A few of the benefits for Lessor vs the Lessee

Lessor.                                                      Lessee (Air India)

End lease ownership of asset             New accounting advantage from an asset
Valuation loss applied to Lessee        Greater Expense controls affecting bottom line
A financial/Revenue mechanism       Full Maximum Use of an asset Value
Opportunity to sell at end lease         Opportunity to buy a replacement Lease end


These few points really shake up the Balance Sheet and or Income Statement allowing fleet expansion to continue to its full objective of filling the market with 27 787's and meeting its goals. The 787 is hoped to resuscitates Air India. They are quietly tweaking its inventory through leasing or buying. There are so many more implications at this point, like expanding your status for future purchasing or leasing returning value from a revenue source as the 787 with less up front cash.

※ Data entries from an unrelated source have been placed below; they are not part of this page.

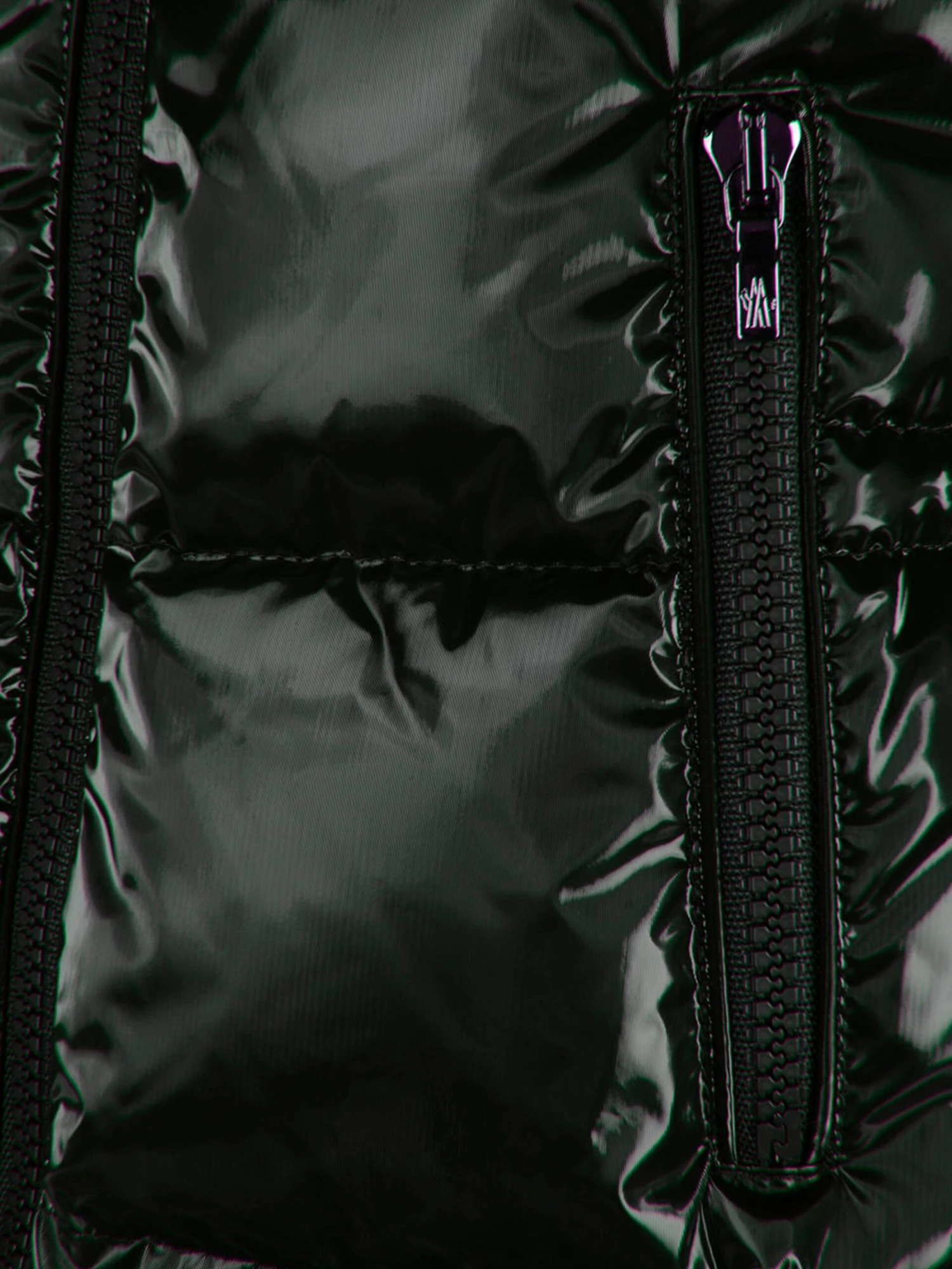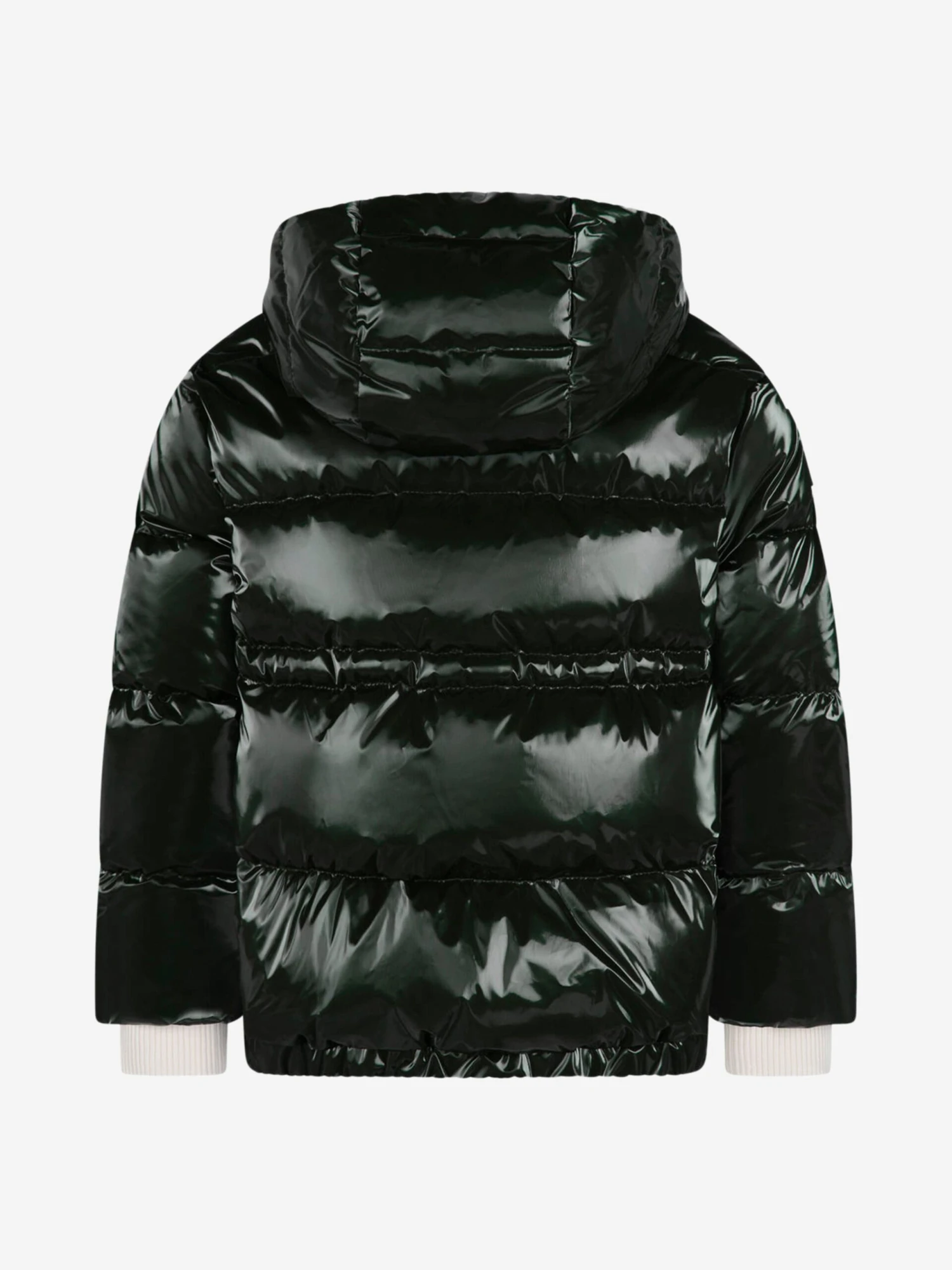 Shine bright this winter with this girls warm down padded jacket in a shiny pink finish from Moncler. Featuring a contrast white fleece hood lining, an all black logo badge on the sleeve and contrast white cuffs.
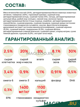 Мясо ягненка без костей (24%), дегидратированные белки жвачных животных (ягненок, говядина) (22%), гороховый крахмал, куриный жир, дегидратированная сельдь, сушеная тыква (5%), сельдь, дегидратированные цельные яйца, рыбий жир (сельди), свиной жир, волокна гороха, дегидратированные белки птицы (курица, индейка), дегидратированный свиной белок, сушеная морковь, сушеная люцерна, куриные хрящи (источник глюкозамина и хондроитин сульфата), инулин, фруктоолигосахариды, дрожжевой экстракт (источник маннoолигосахаридов), сушеная черника (0,5%), сушеный шпинат, подорожник (0,3%), сушеные яблоки, дегидратированный сладкий апельсин, сушеный гранат, хлорид натрия, сухие пивные дрожжи, куркумы (0,2%), экстракт алоэ вера.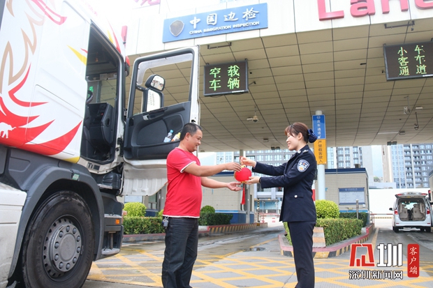 沙頭角邊檢站特別拍攝春節宣傳片,在口岸多個場地播放,營造“年”的氛圍,為出入境旅客送上小燈籠、“福”字等小禮品,與旅客在執勤現場合影,并當場打印出照片贈與留念,讓每一位歸家的游子第一時間感受到祖國的溫暖和春節的幸福。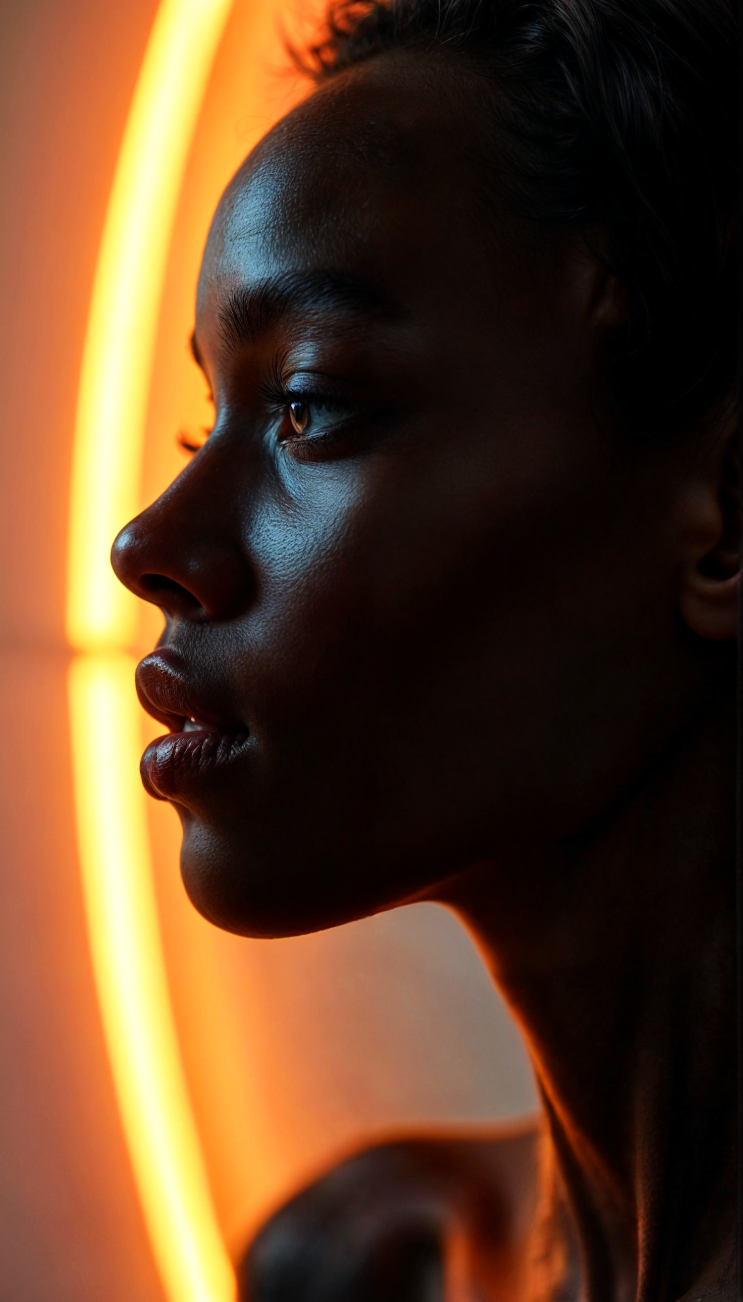 Profile of a woman in warm orange light, highlighting her features against a dark background. Artistic and modern composition.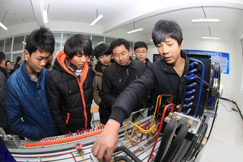 央廣網(wǎng)河南分網(wǎng)消息 據(jù)商丘日報報道:12月24日,民權(quán)縣職教中心的學員們在老師的指導下認真進行制冷實習操作。為了給高新區(qū)制冷產(chǎn)業(yè)基地培訓產(chǎn)業(yè)工人,民權(quán)縣免費開設實驗課,給各個制冷企業(yè)培訓技術(shù)人才。(記者 閻鵬亮 攝)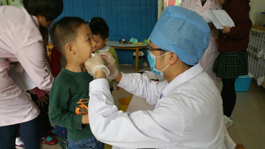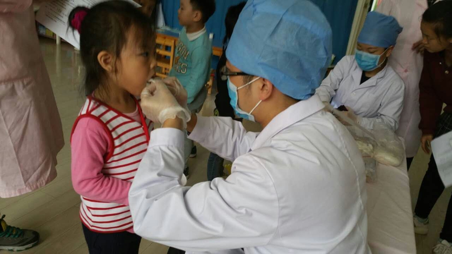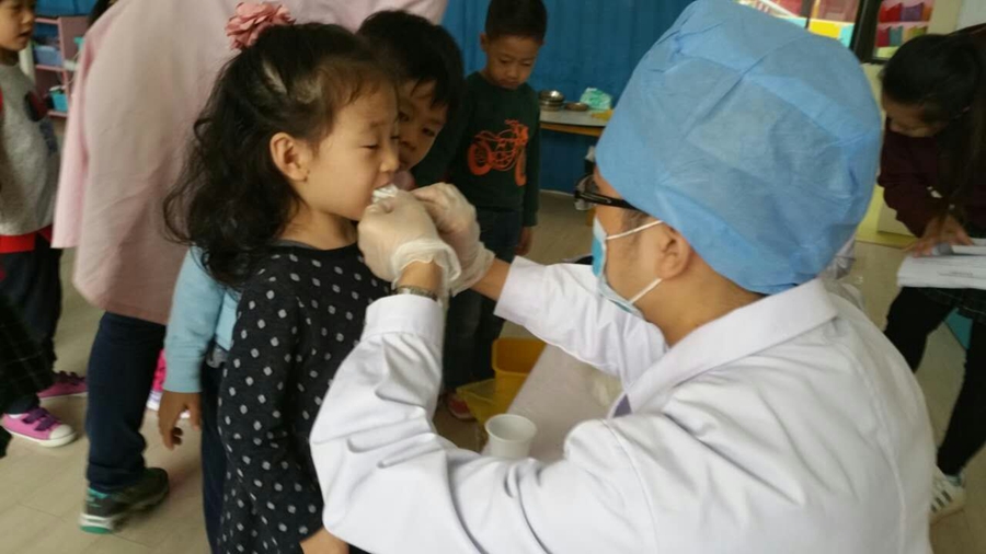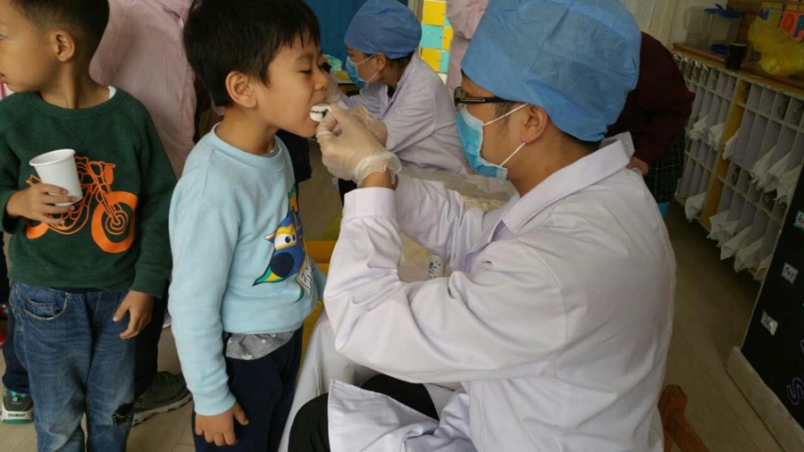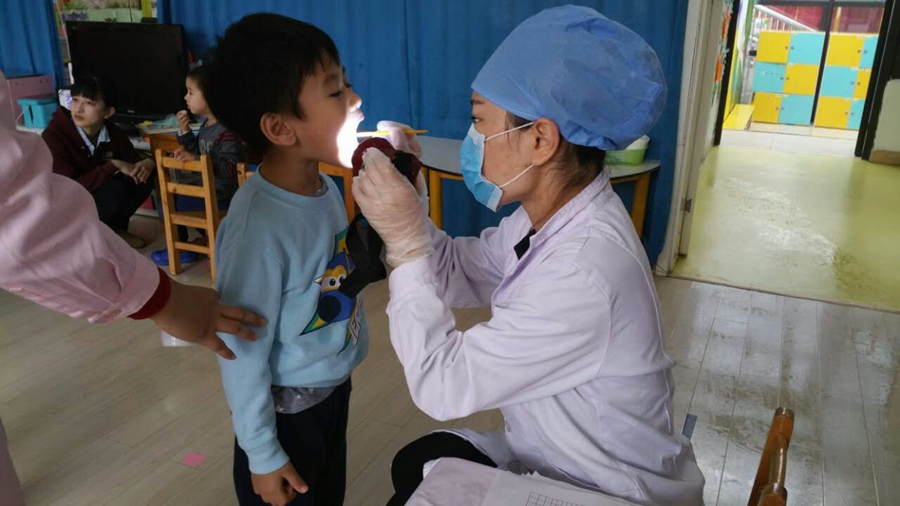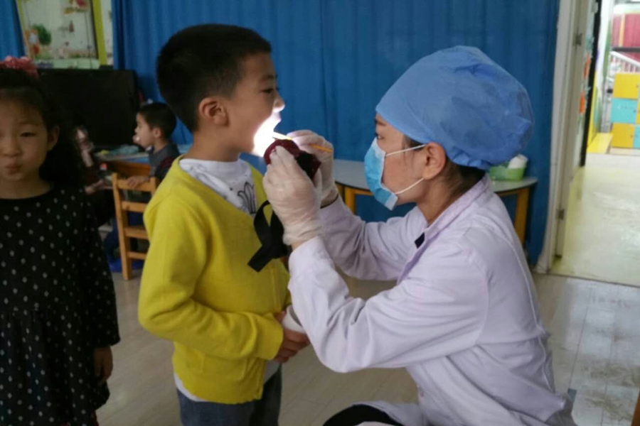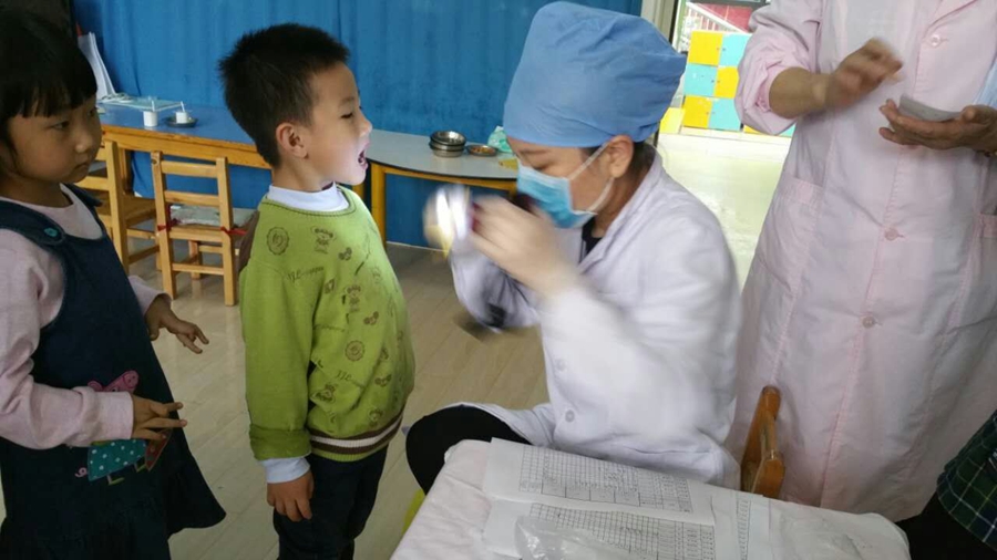 今天要为我的小牙齿做做功课了,要让它更健康,先让大夫阿姨看看吧
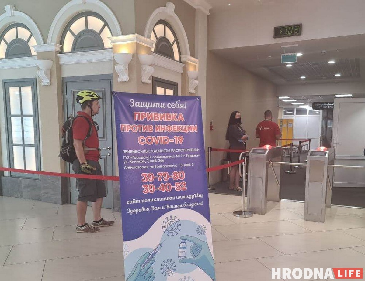 З 16 ліпеня гродзенцы могуць зрабіць прышчэпку ад каранавируса не толькі ў паліклініцы па месцы жыхарства. Вакцынавацца можна паміж пакупкамі ў гандлёвых цэнтрах OldCity і Triniti. Журналісты Hrodna.life паглядзелі, як праходзіла вакцынацыя.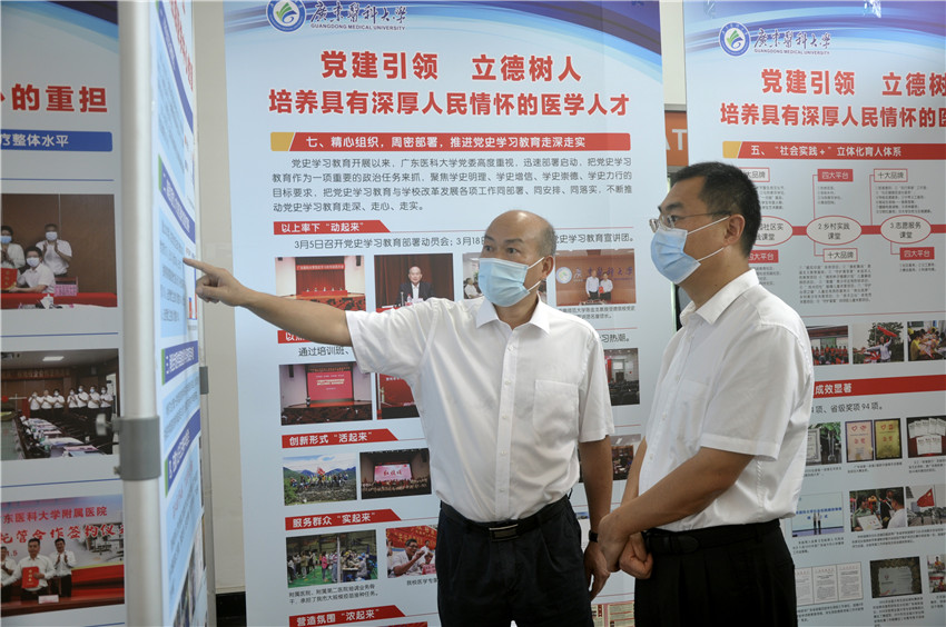 在湛江校区综合大楼一楼展厅,学校党委书记、校长卢景辉对学校基本情况、党建工作、医疗健康服务工作、科学研究、毕业生湛江就业情况、医院建设情况、新校区筹建情况、校地共建项目等向刘红兵书记一行作了详细汇报。刘红兵书记在聆听汇报过程中对学校工作表示赞同。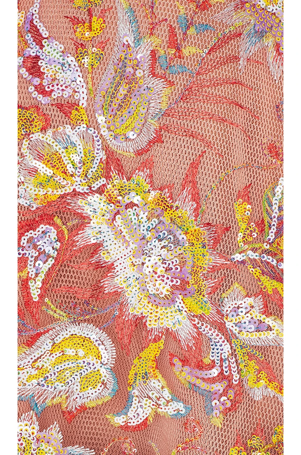 Bodice cut-out - Sheer mesh fabric overlay with multi color stitching and sequin embellishments throughout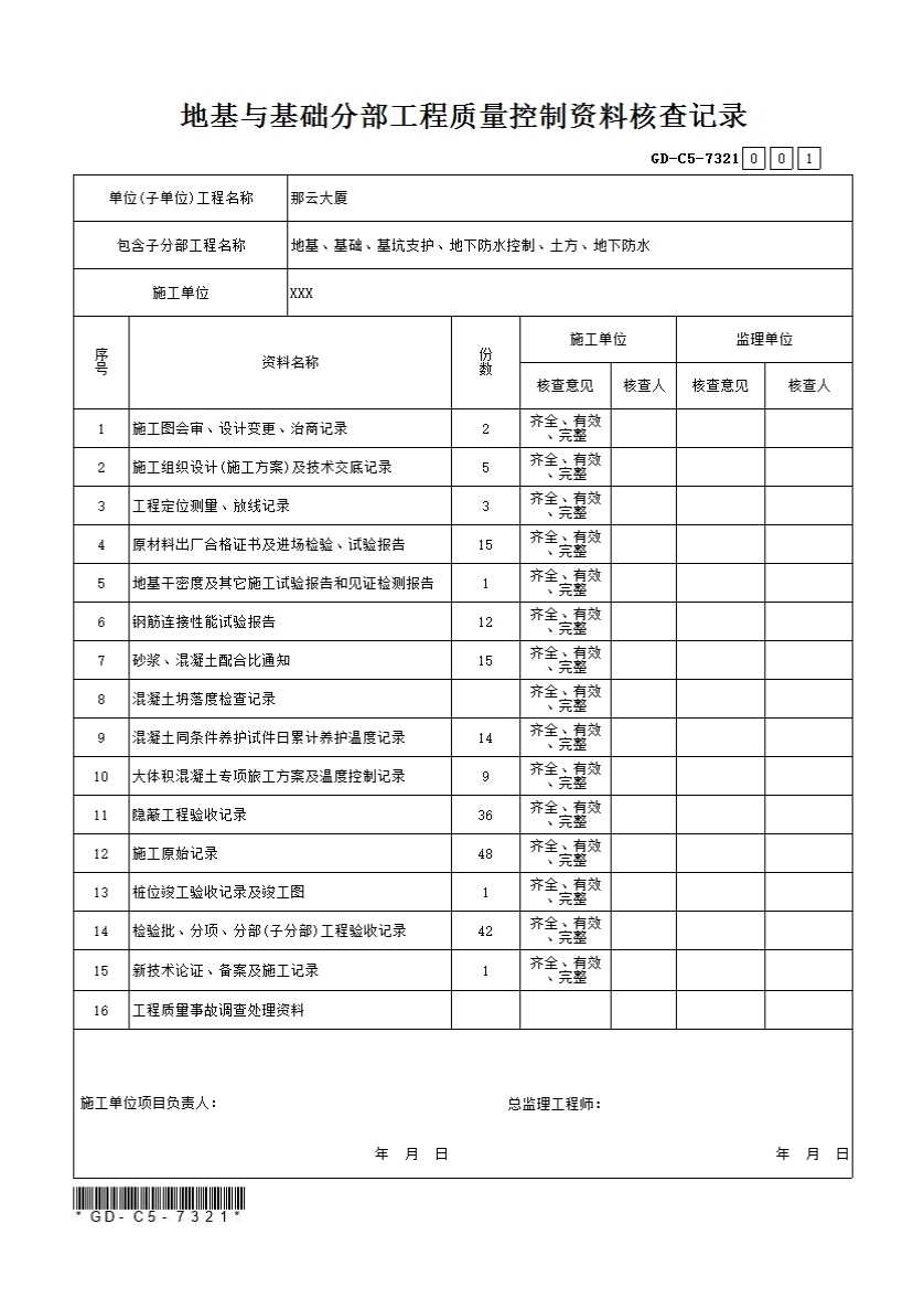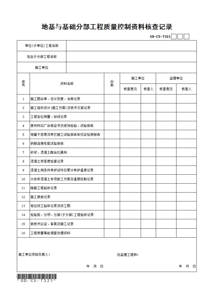 表格名称:地基与基础分部工程质量控制资料核查记录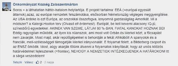 „Soros = a láthatatlan háttér-hatalom helytartója" - kezdődik a Facebook-komment, amit nem Zalaszentmárton község önkormányzata jegyez a kormánypárti Magyar Hírlap egyik migránsokkal foglalkozó cikkénél. A kommentből kiderül, a háttérhatalmi projekt lényege, hogy „Európát be kell keverni alacsony IQ-jú színesbőrű egyedekkel. AKINEK VAN SZEME LÁTJA! 80 %-BAN FIATAL KANOKAT HOZNAK BE!"
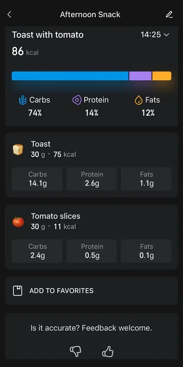 The new functionality makes it simple to save your frequently consumed food items. When you’re logging a meal—whether you use text, voice input, or the AI camera—you’ll now see an option to ‘Add to Favourites’ at the bottom of the screen.

The 7 units leased 787 or conversions from a buy program, opens up Air Iindia for more acquisitions of 787. Seven are moved in a different spot in accounting match the value flow of the aircraft with the expense flow and not  weighing down its financial picture as a steep burden it could never recover from in the cash flow department.

Wet Leases:

I own an airplane and a operational staff to fly it. You can lease my team and airplane, and stuff, if you need a hauler until you get your own toy. That is what LOT is doing during the winter months is providing a 787 for some charter company or vacation scheme for the winter. Cash flow is important for the off season in LOT's operational scheme. Flying from Warsaw Poland to Chicago IL during winter is a slow period for all Northern tier destinations in North America ffrom Poland. Providing  a wet lease is ideal for shoring up cash flows year around, but preferable during "off peak periods".


Short Term leasing hits the books differently than a Long term lease. Its a 30 day rental period and you won't find airlines doing this unless its in Hollywood on a movie set doing an airplane movie.

Long Term lease works when buying a 787 from a customer, then leasing back to that same customer, i.e. the likes of Air India. The customer uses the same signing day agreements without the airplane ever leaving your hanger. Theyy have made a profit on that day selling the 787 and leasing it back. Welcome aboard to Air India.
Air India accounting spread sheet ajusts and "viola", the books look better for buying more aircraft.